(Extracted data entries)
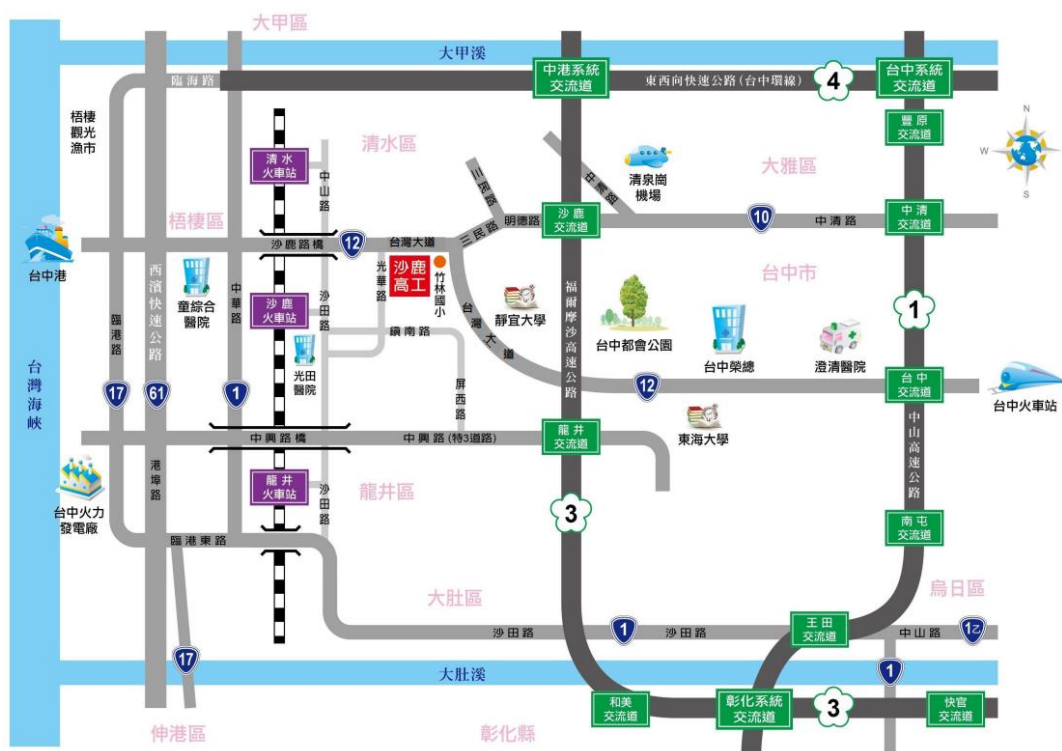
附圖一承辦學校（臺中市立沙鹿工業高級中等學校）位置圖
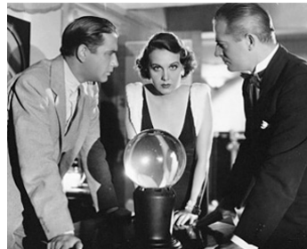
1934 BROUILLARD (Fog) d'Albert S. Rogell avec Donald Cook, Reginald Denny
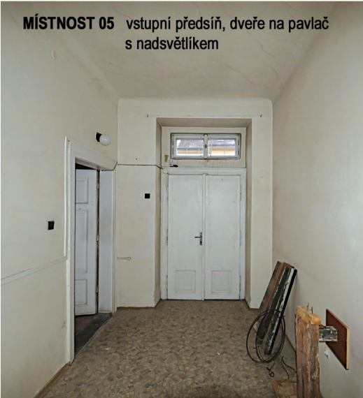
MÍSTNOST 05 vstupní předsíň, dveře na pavlač s nadsvětlíkem
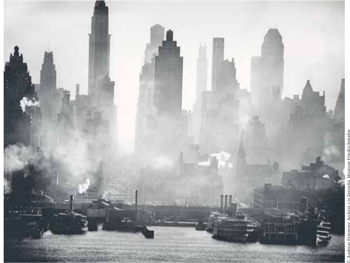
Andreas Feininger, 42nd Street View , 1942, Münchner Stadtmuseum, Sammlung Fotografie
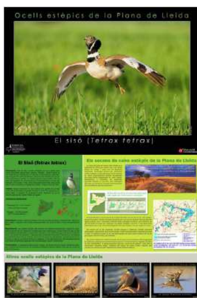
Pòster del sisó
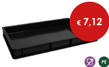
Cassetta pizza nera
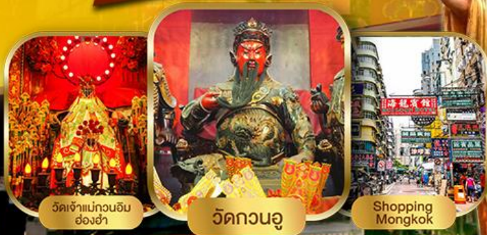
เจ้าแม่กวนอิม อ่องฮ่า

ฮ่องกง ช้อปปิ้งเต็มๆฟรีเดย์ 1 วัน ไหว้พระ 5 วัดดัง
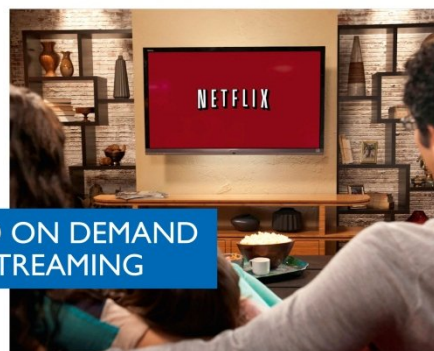
VIDEO ON DEMAND LIVE-STREAMING
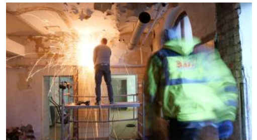
Umbau KulturQuartier Schauspielhaus Entkernungs- und Abbrucharbeiten im Keller
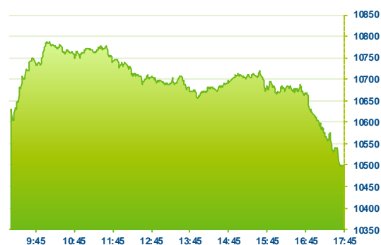
DAX (předchozí den)

Německé akcie se většinu první seance nového týdne udržovaly v zelených číslech. Po výprodejích v samém závěru obchodování však končí v červených číslech. Závěrečný gong zastihl index DAX na 10 498 bodech (-1,0%). Nedařilo se zejména výrobcí průmyslových plynů Linde (LIN -2,5%), zdravotnické Fresenius Medical (FME -2,5%) a Deutsche Boerse (DB1 -2,5%). Rostla naopak letecká Lufthansa (LHA +2,7%), jejíž dozorčí rada schválila navýšení odměn pro Carstena Spohra, současného generálního ředitele společnosti a dvojice energetických společností RWE (RWE +2,1%) a E.On (EOAN +1,9%).
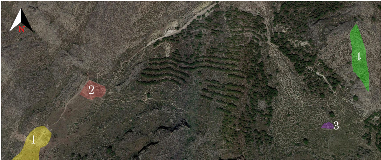
Figura 1. Localización geográfica del conjunto ibérico de Coimbra del Barranco Ancho. 1. Poblado. 2. Necrópolis del Poblado. 3. Necrópolis de la Senda. 4. Santuario.
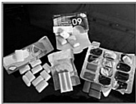
Fotografia 7 – Materiais/objetos produzidos a partir da resina

produtos de limpeza, sabão, perfumes, cremes, gomas, cola, pastilhas, adesivos, elásticos, entre outros (fotografias 7 e 8).
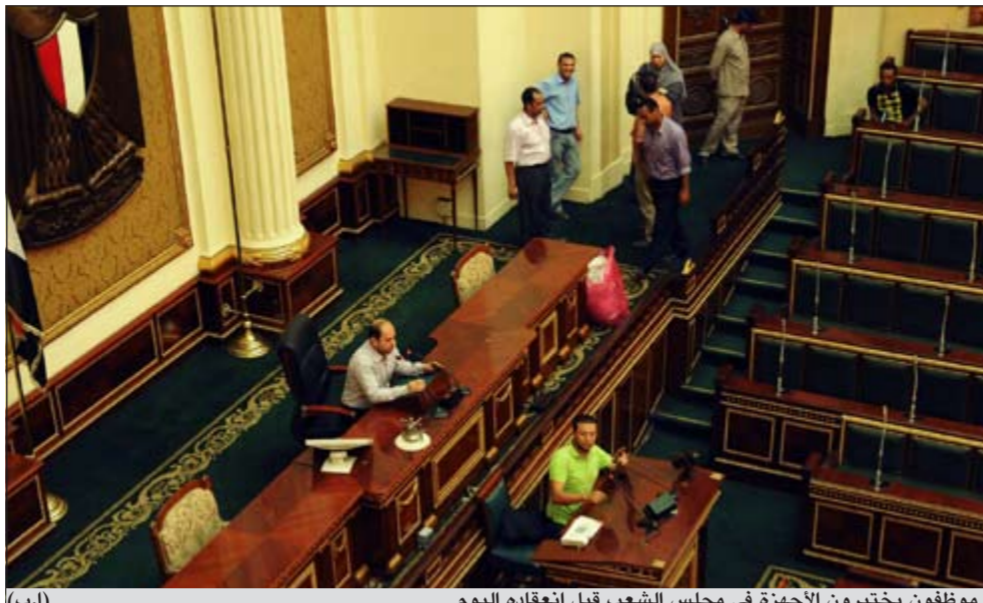
موظفون يختبرون الأجهزة في مجلس الشعب قبل انعقاده اليوم
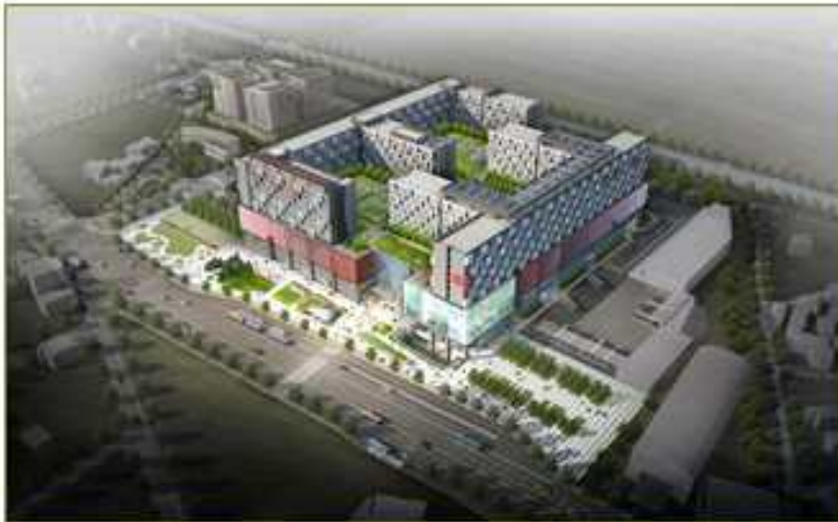
유성 광역복합환승센터 개발사업
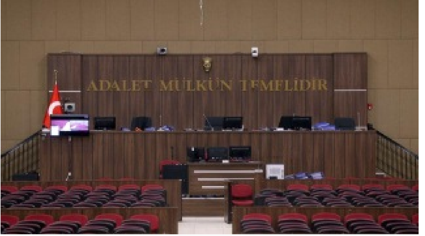
Mehmet Baransu'ya verilen hapis cezası belli oldu
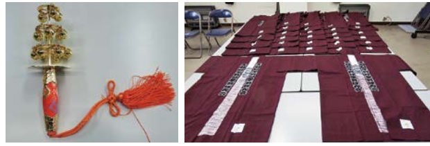
整備した祭事用品の一部

このように宝くじの収益金は、身近な地域コミュニティ活動の発展に活用されています。
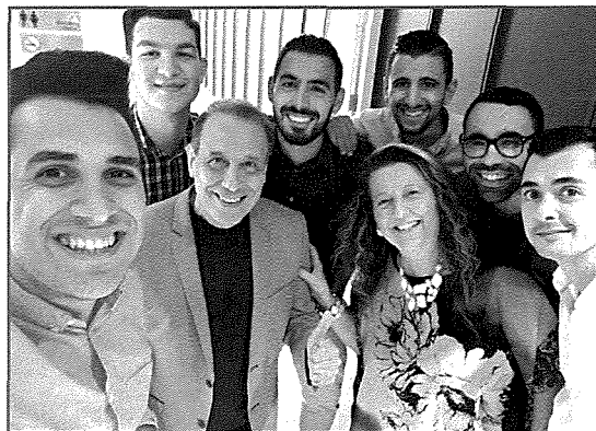
Il-Greenfields flimkien ma' The Travellers.

Li l-mużika m'għadhiex dak li kienet huwa fatt. Però naħseb din hija sentenza li kull 20 sena tista' tgħidha liberalment. Illum it-teknoloġija bidlet ħafna affarijiet li sa ftit żmien ilu l-anqas konna noħolmuhom. Avvanzajna ħafna f'dak li hu produzzjoni, irrekordjar
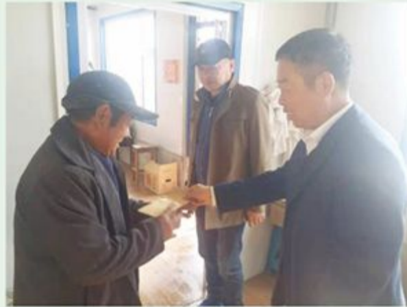
市政协机关党委到包保村慰问
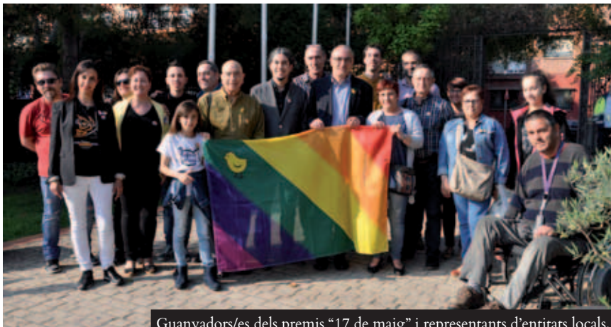
Guanyadors/es dels premis "17 de maig" i representants d'entitats locals, a l'acte d'hissada de la bandera de Ripollet LGBTI
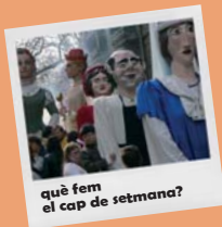
què fem el cap de setmana?
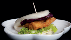
5. GUABAO CON POLLO E MAIONESE (1pz) - 6€ (1,3,7)

pane con pollo fritto, insalata e maionese
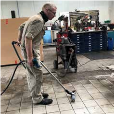
WSP 2000, 45 litros volumen de relleno
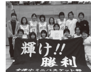
▲代表の部優勝 今津BBC

審判長より、「他の小学校は今津小学校を目標に、今津小学校は県で上位を目標に練習に励んでください」と講評があり、選手は元気よく返事をしていました。
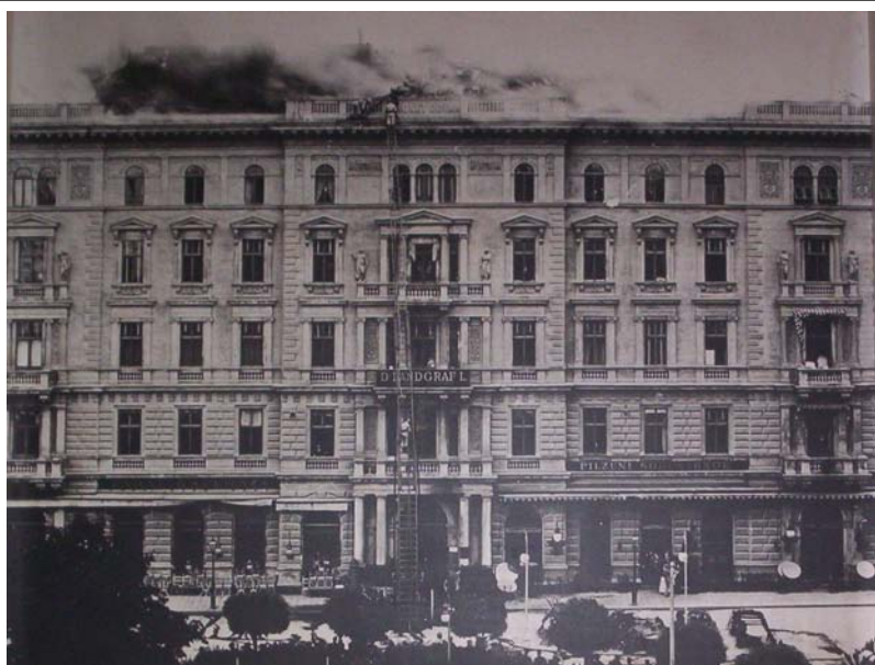
6. Kép. A Kecskeméti-utca 13. sz. ház tetőtüze

# Work to be completed
Pictures stay out, but every record above is to be returned exactly.

# Response area
附圖一承辦學校（臺中市立沙鹿工業高級中等學校）位置圖
1934 BROUILLARD (Fog) d'Albert S. Rogell avec Donald Cook, Reginald Denny
MÍSTNOST 05 vstupní předsíň, dveře na pavlač s nadsvětlíkem
Andreas Feininger, 42nd Street View , 1942, Münchner Stadtmuseum, Sammlung Fotografie
Pòster del sisó
Cassetta pizza nera
เจ้าแม่กวนอิม อ่องฮ่า

ฮ่องกง ช้อปปิ้งเต็มๆฟรีเดย์ 1 วัน ไหว้พระ 5 วัดดัง
VIDEO ON DEMAND LIVE-STREAMING
Umbau KulturQuartier Schauspielhaus Entkernungs- und Abbrucharbeiten im Keller
DAX (předchozí den)

Německé akcie se většinu první seance nového týdne udržovaly v zelených číslech. Po výprodejích v samém závěru obchodování však končí v červených číslech. Závěrečný gong zastihl index DAX na 10 498 bodech (-1,0%). Nedařilo se zejména výrobcí průmyslových plynů Linde (LIN -2,5%), zdravotnické Fresenius Medical (FME -2,5%) a Deutsche Boerse (DB1 -2,5%). Rostla naopak letecká Lufthansa (LHA +2,7%), jejíž dozorčí rada schválila navýšení odměn pro Carstena Spohra, současného generálního ředitele společnosti a dvojice energetických společností RWE (RWE +2,1%) a E.On (EOAN +1,9%).
Figura 1. Localización geográfica del conjunto ibérico de Coimbra del Barranco Ancho. 1. Poblado. 2. Necrópolis del Poblado. 3. Necrópolis de la Senda. 4. Santuario.
Fotografia 7 – Materiais/objetos produzidos a partir da resina

produtos de limpeza, sabão, perfumes, cremes, gomas, cola, pastilhas, adesivos, elásticos, entre outros (fotografias 7 e 8).
موظفون يختبرون الأجهزة في مجلس الشعب قبل انعقاده اليوم
유성 광역복합환승센터 개발사업
Mehmet Baransu'ya verilen hapis cezası belli oldu
整備した祭事用品の一部

このように宝くじの収益金は、身近な地域コミュニティ活動の発展に活用されています。
Il-Greenfields flimkien ma' The Travellers.

Li l-mużika m'għadhiex dak li kienet huwa fatt. Però naħseb din hija sentenza li kull 20 sena tista' tgħidha liberalment. Illum it-teknoloġija bidlet ħafna affarijiet li sa ftit żmien ilu l-anqas konna noħolmuhom. Avvanzajna ħafna f'dak li hu produzzjoni, irrekordjar
市政协机关党委到包保村慰问
Guanyadors/es dels premis "17 de maig" i representants d'entitats locals, a l'acte d'hissada de la bandera de Ripollet LGBTI
què fem el cap de setmana?
5. GUABAO CON POLLO E MAIONESE (1pz) - 6€ (1,3,7)

pane con pollo fritto, insalata e maionese
WSP 2000, 45 litros volumen de relleno
▲代表の部優勝 今津BBC

審判長より、「他の小学校は今津小学校を目標に、今津小学校は県で上位を目標に練習に励んでください」と講評があり、選手は元気よく返事をしていました。
6. Kép. A Kecskeméti-utca 13. sz. ház tetőtüze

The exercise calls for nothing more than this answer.